A better book for people wanting to find out about this might be Tim Weiner's "Enemies: A History of the FBI." It covers more than COINTELPRO, but it gives a much bigger picture and is more up to date.
This book gives a good glimpse into the story of the reach of what COINTERPRO was and how wide it reached into facets of the American society during its existence. Using documents obtained from the government, the author gives examples of the FBI tried to achieve under the umbrella of the program. While the book shows examples of the activities taken against the socialists in detail, it doesn't seem to go into details about others who were being monitored under the COINTERPRO. Overall, this is a solid read to get an understanding of what happened under the program. There's definitely more to the story.

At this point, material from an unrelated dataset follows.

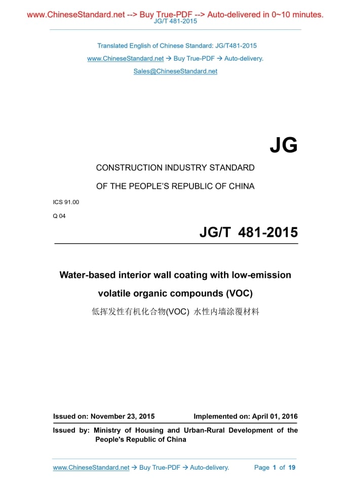 JG/T 481-2015: Water-based interior wall coating with low-emission volatile organic compounds (VOC) Delivery: 9 seconds. True-PDF full-copy in English & invoice will be downloaded + auto-delivered via email. See step-by-step procedure Status: Valid
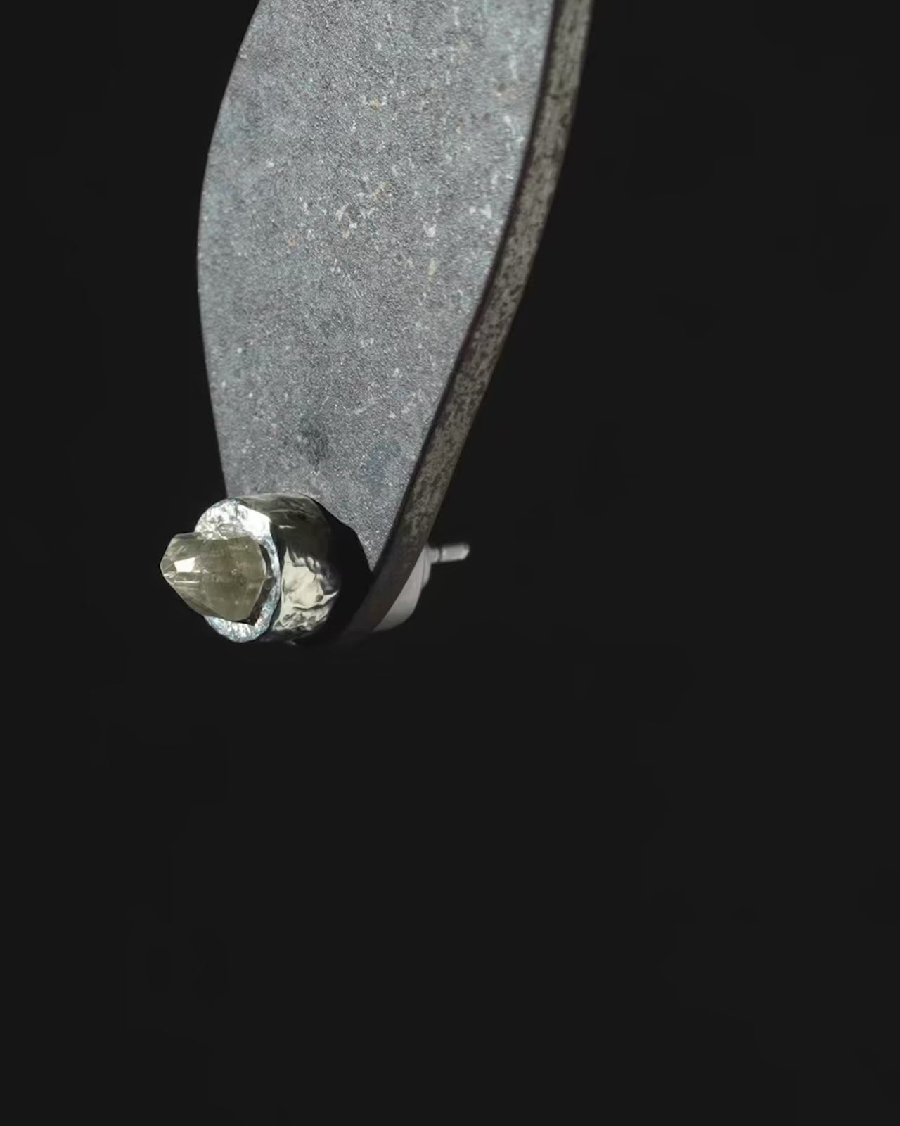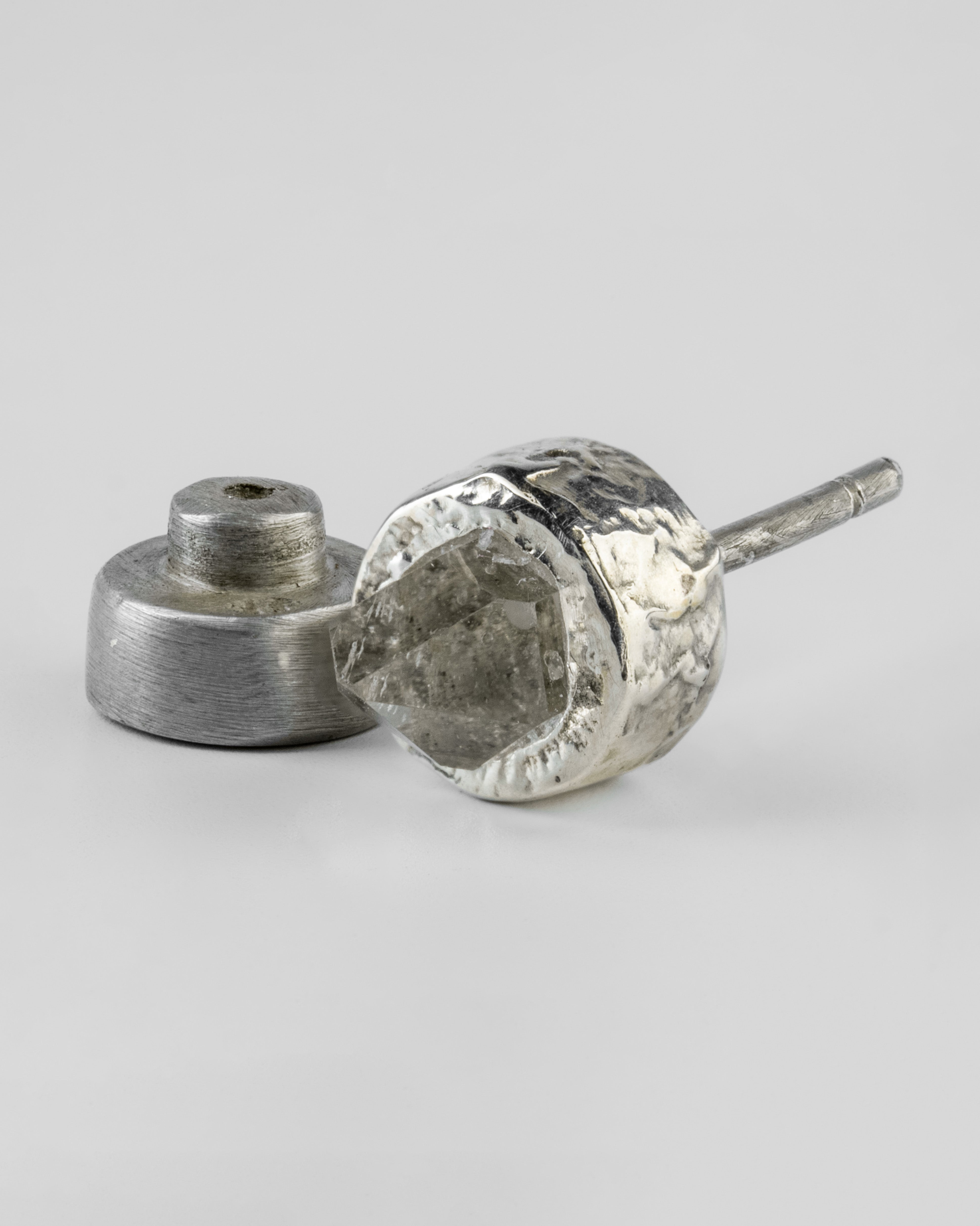 | Colors: | DA10KW: Dirty 10K White Gold Skin. Dirty sterling silver (acid treated) with fused layer of 10K white gold HER: Herkimer diamond. Double-terminated quartz crystals, super clarity (water-clear) discovered within exposed outcrops of dolostone in and around Herkimer County, New York and the Mohawk River Valley [Anu-ra-el] |

This entire review has been hidden because of spoilers.
Absolutely phenomenal. Far more shocking and engaging than I initially expected, and filled with actual transcripts of documents. This is worth the time.
Not exactly ground-breaking these days, but of minor interest as an early exposé of the USA's secret political police and a time capsule of the US left in the Cold War era.
This important book was first published in 1975 and was for a number of years published by a big- business publishing house, which gave it a broader audience. It still sells quite well. It is filled with actual FBI files redacted, but still damning, forced into the open by the (later successful) Socialist Workers Party lawsuit against the FBI. It has an introduction by Noam Chomsky, and the text by Nelson Blackstock is adapted from a series of articles in the 'Militant' newspaper. The preface from 1988 brings it up to date.
While some liberals are having a love affair with the FBI these days, since they and many "leftists" view everything in the world from the results of the last bourgeois presidential election, they remain the enemies of the working class, and of everyone interested in serious social change.
Also, more and more liberals who admit there are "problems" with the FBI are pretending that much of what we know about them today isn't a result of Socialist Workers vs. Attorney General, the landmark lawsuit the Socialist Workers Party filed against the government in 1973 for 50 years of attacks on our democratic rights. It was a political period quite different today, and the federal judge, a Nixon appointee, found for the plaintiffs, and issued a far-reaching permanent injunction in 1987.
Other activists followed suit, so to speak, but most of them ended up settling for money and/or apologies.
Also of importance is the story of the first Smith Act indictment and trial, which was directed against the Socialist Workers Party on the eve of US entry into World War II. This is found in the book Teamster Bureaucracy, and the testimony of James P. Cannon, founder of the party in Socialism on Trial: Testimony at Minneapolis Sedition Trial.
Don't get taken in by the FBI's current war against Trump. As Leon Trotsky forcefully reminded us in 1939, “‘Under conditions of the bourgeois regime, all suppression of political rights and freedom, no matter whom they are directed against in the beginning, in the end inevitably bear down upon the working class, particularly its most advanced elements. That is a law of history.”
And it's being proved again. around the same time as the invasion of Mar-a-Lago, Cuban solidarity activists in Puerto Rico were being harassed by the FBI. Now there's an indictment against the Black nationalist African People’s Socialist Party and the allied Uhuru Movement.
In light of how fascinating its topic is, I found this book surprisingly difficult to slog through.
Totally not bad. But not all that much fun, really, either.
I do recommend it, if you're interested in these things, since they're worth knowing about, and this seems to be the main source. However, don't expect an especially good time, that's all I'm saying.
PS Reading about government repression should be FUN!